• TASK INSTRUCTIONS: Each line of the data below between the one containing "Potencia Calcium +" and the one containing "Dla psów i kotów", both included, is to be repeated exactly. Please omit pictures.

• EXERCISE INPUTS:
:::::
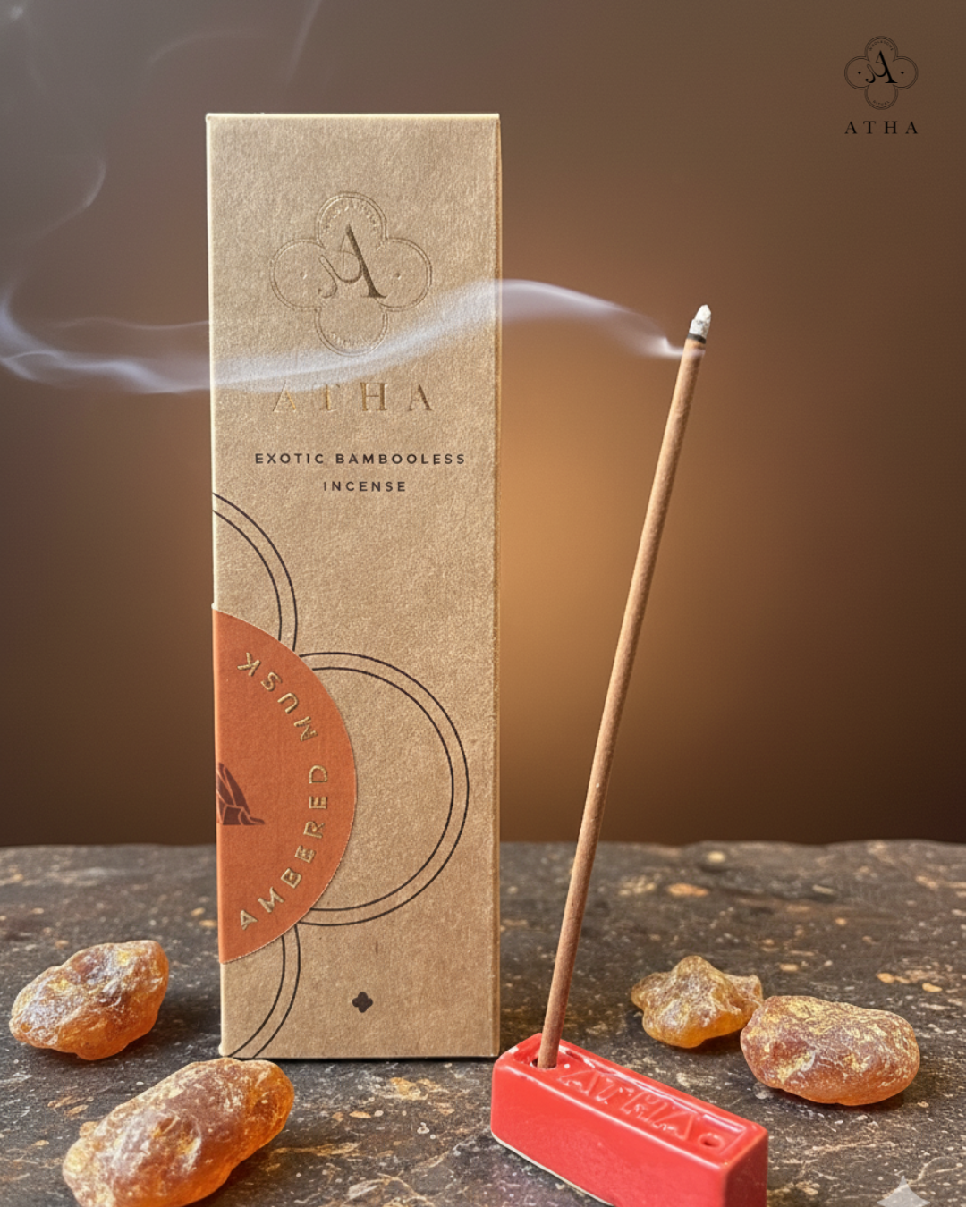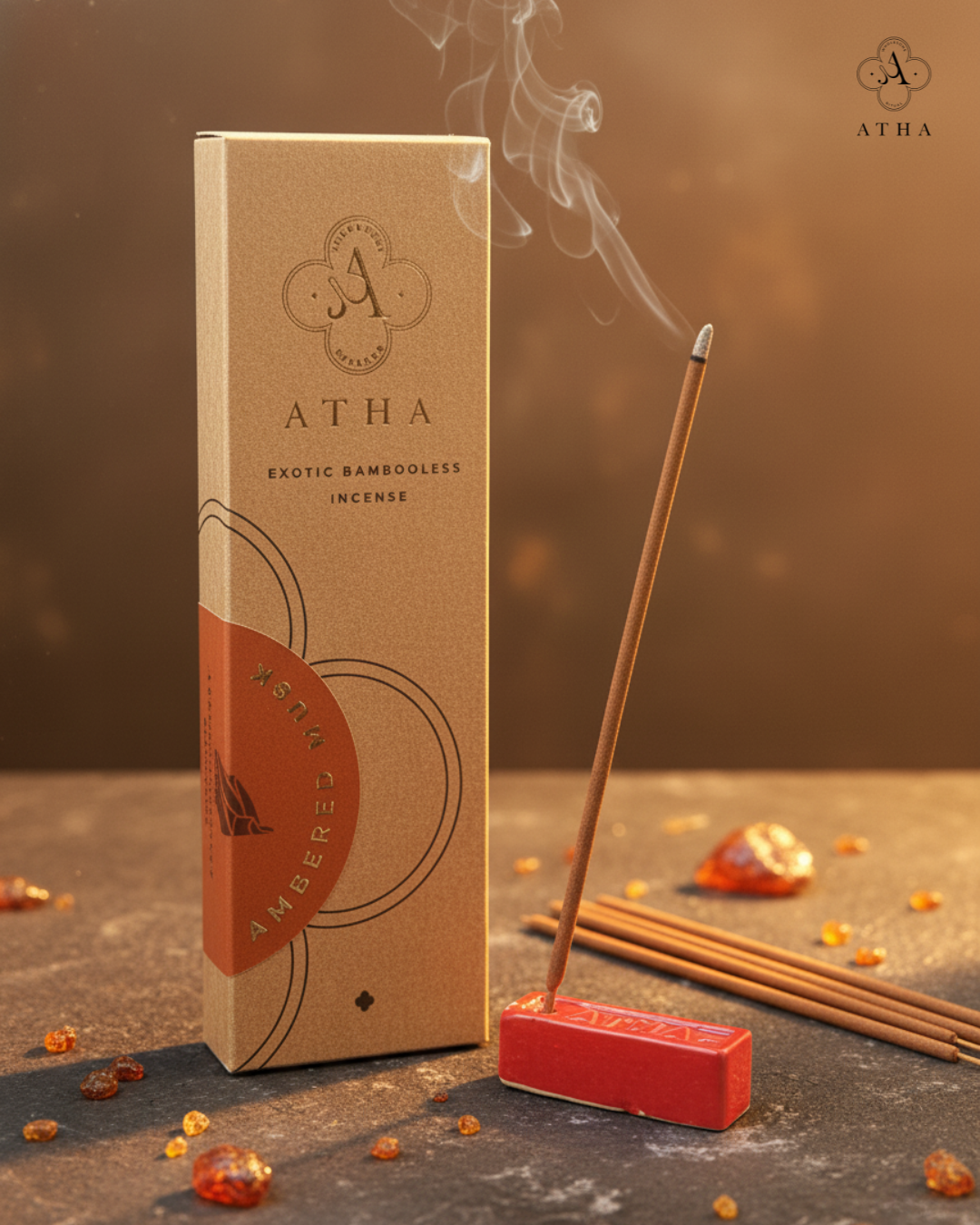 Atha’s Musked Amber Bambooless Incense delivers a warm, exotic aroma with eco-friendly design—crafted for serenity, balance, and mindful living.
:::::
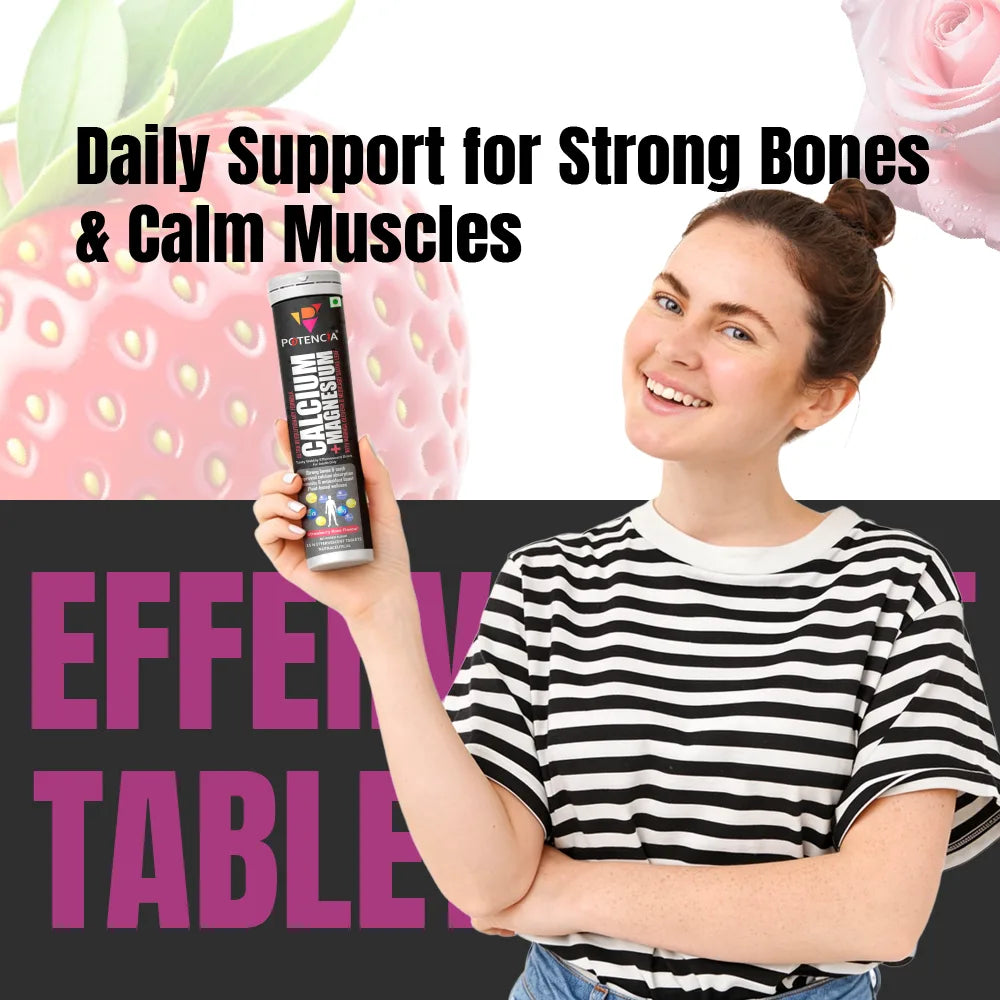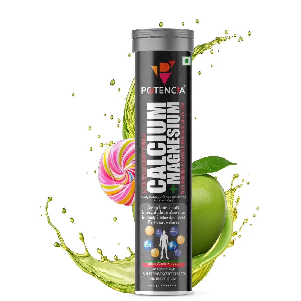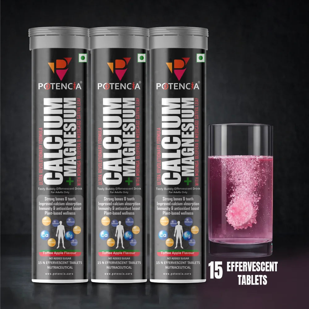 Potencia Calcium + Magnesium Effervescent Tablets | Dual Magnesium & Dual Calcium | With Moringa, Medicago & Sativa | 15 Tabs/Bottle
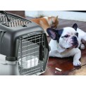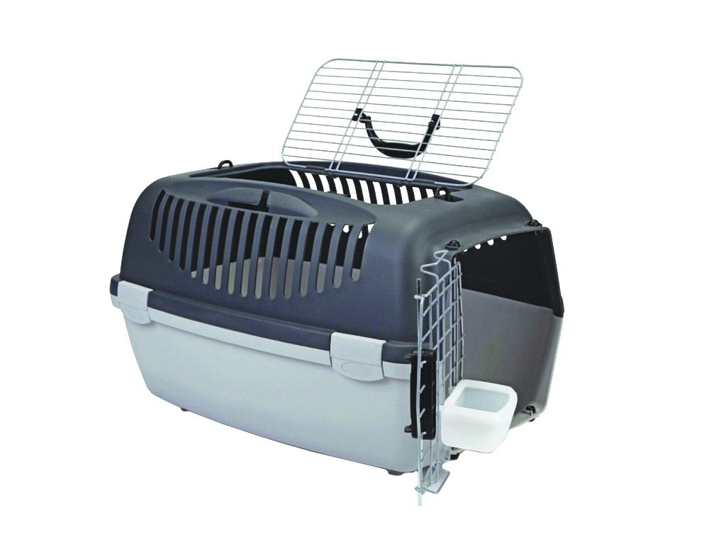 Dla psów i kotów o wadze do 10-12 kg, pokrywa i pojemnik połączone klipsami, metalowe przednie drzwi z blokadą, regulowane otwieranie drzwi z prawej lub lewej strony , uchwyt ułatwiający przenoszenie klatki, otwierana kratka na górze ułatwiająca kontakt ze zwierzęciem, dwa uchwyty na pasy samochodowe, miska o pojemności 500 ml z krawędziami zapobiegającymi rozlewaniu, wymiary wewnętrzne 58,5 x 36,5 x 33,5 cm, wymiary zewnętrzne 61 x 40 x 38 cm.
:::::
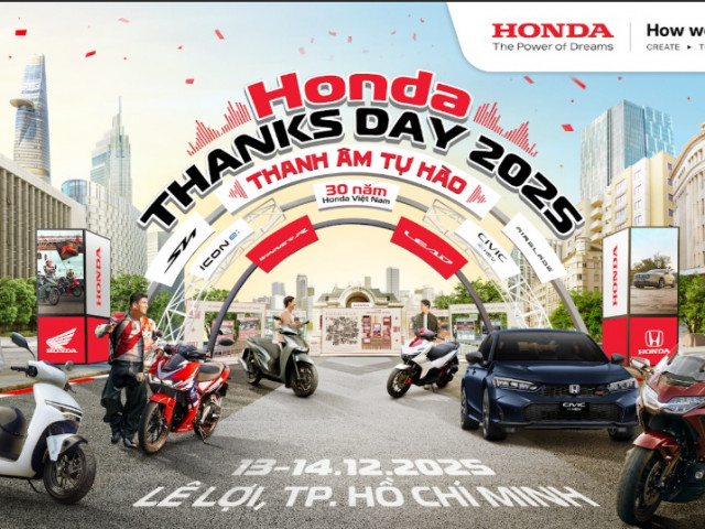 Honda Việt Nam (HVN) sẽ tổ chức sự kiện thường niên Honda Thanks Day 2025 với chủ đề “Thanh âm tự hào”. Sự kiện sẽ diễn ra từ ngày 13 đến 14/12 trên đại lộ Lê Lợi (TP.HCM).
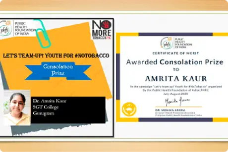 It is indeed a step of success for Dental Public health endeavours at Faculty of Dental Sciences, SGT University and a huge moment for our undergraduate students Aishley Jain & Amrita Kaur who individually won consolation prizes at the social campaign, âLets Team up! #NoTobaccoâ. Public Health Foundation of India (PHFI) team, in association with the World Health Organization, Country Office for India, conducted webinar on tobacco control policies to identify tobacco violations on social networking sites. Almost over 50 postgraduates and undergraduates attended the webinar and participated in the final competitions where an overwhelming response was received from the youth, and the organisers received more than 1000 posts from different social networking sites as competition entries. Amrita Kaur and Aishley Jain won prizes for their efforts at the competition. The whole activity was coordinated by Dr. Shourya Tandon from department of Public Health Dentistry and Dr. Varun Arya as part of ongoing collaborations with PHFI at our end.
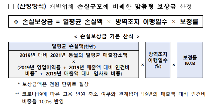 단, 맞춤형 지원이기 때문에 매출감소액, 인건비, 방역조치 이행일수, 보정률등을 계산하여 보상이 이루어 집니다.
:::::
• TASK SOLUTION:
 Potencia Calcium + Magnesium Effervescent Tablets | Dual Magnesium & Dual Calcium | With Moringa, Medicago & Sativa | 15 Tabs/Bottle
 Dla psów i kotów o wadze do 10-12 kg, pokrywa i pojemnik połączone klipsami, metalowe przednie drzwi z blokadą, regulowane otwieranie drzwi z prawej lub lewej strony , uchwyt ułatwiający przenoszenie klatki, otwierana kratka na górze ułatwiająca kontakt ze zwierzęciem, dwa uchwyty na pasy samochodowe, miska o pojemności 500 ml z krawędziami zapobiegającymi rozlewaniu, wymiary wewnętrzne 58,5 x 36,5 x 33,5 cm, wymiary zewnętrzne 61 x 40 x 38 cm.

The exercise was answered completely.